++++ DATASET ENTRIES

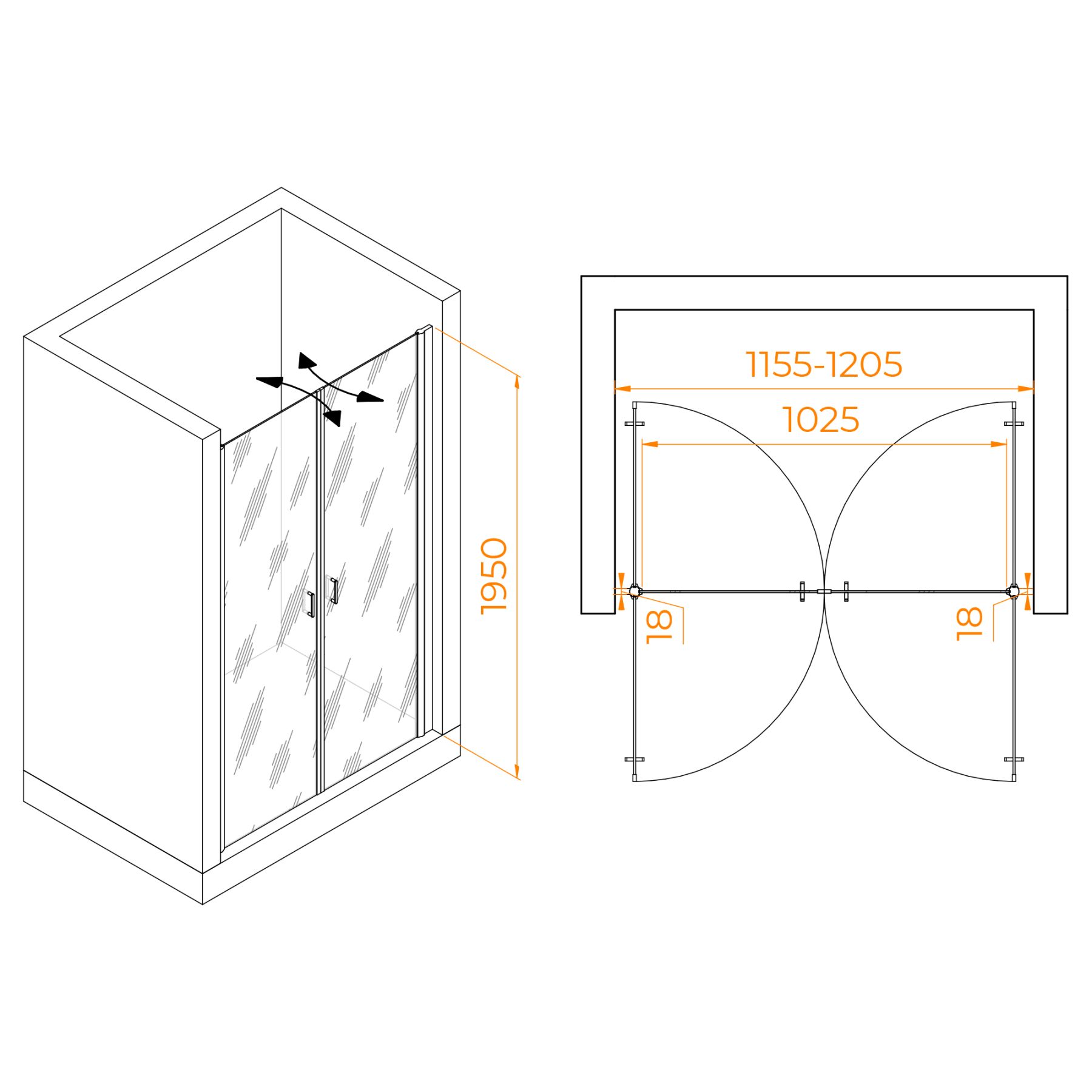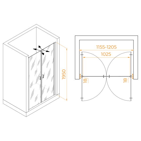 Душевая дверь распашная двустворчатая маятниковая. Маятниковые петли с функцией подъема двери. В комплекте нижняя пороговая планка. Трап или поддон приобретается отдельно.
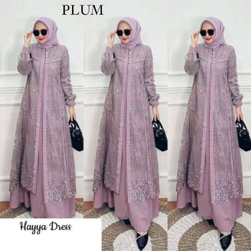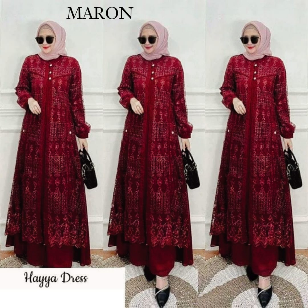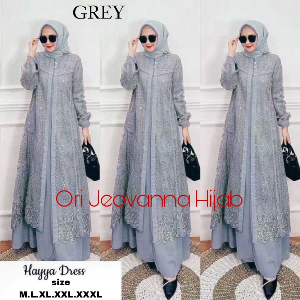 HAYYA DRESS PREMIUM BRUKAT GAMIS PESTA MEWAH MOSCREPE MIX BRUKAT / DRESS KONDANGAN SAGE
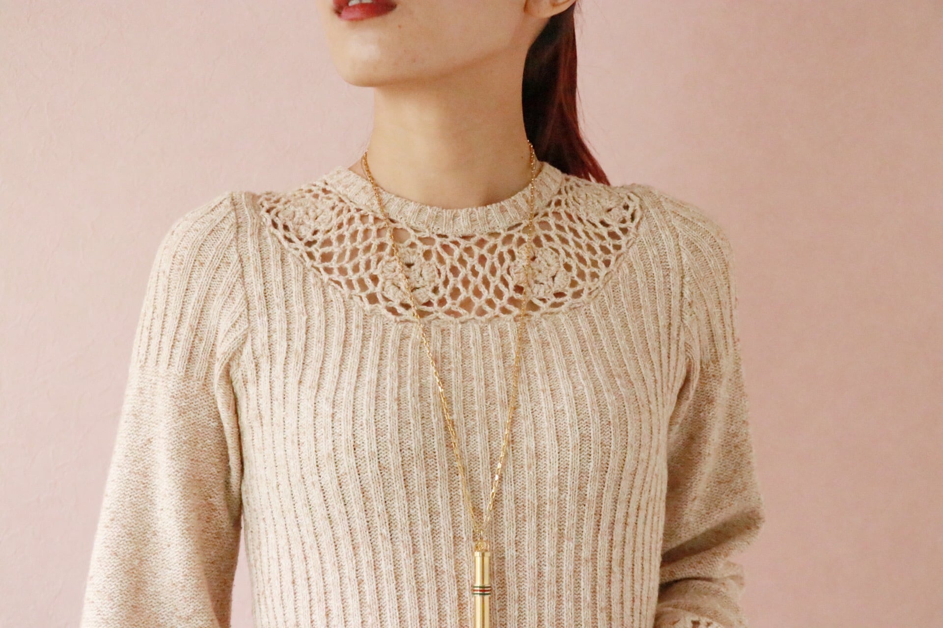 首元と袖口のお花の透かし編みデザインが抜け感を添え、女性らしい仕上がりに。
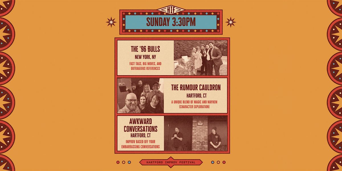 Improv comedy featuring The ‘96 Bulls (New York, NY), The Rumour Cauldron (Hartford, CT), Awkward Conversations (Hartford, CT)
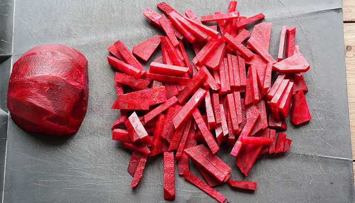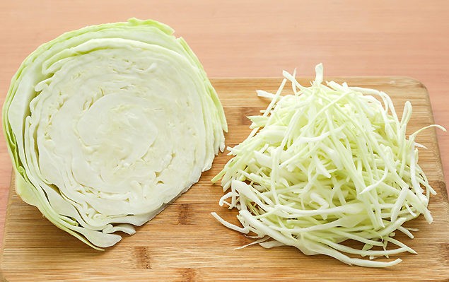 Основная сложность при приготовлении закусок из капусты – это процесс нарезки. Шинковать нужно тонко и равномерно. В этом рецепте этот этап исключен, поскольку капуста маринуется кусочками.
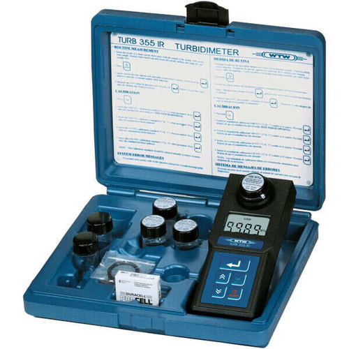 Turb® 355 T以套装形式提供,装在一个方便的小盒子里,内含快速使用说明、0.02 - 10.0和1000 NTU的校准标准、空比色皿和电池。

++++++++

TASK TO COMPLETE
Find the line with "HAYYA DRESS PREMIUM". Reproduce it and every line after it through the last line above exactly, leaving out the pictures.

EXERCISE ANSWER
 HAYYA DRESS PREMIUM BRUKAT GAMIS PESTA MEWAH MOSCREPE MIX BRUKAT / DRESS KONDANGAN SAGE
 首元と袖口のお花の透かし編みデザインが抜け感を添え、女性らしい仕上がりに。
 Improv comedy featuring The ‘96 Bulls (New York, NY), The Rumour Cauldron (Hartford, CT), Awkward Conversations (Hartford, CT)
 Основная сложность при приготовлении закусок из капусты – это процесс нарезки. Шинковать нужно тонко и равномерно. В этом рецепте этот этап исключен, поскольку капуста маринуется кусочками.
 Turb® 355 T以套装形式提供,装在一个方便的小盒子里,内含快速使用说明、0.02 - 10.0和1000 NTU的校准标准、空比色皿和电池。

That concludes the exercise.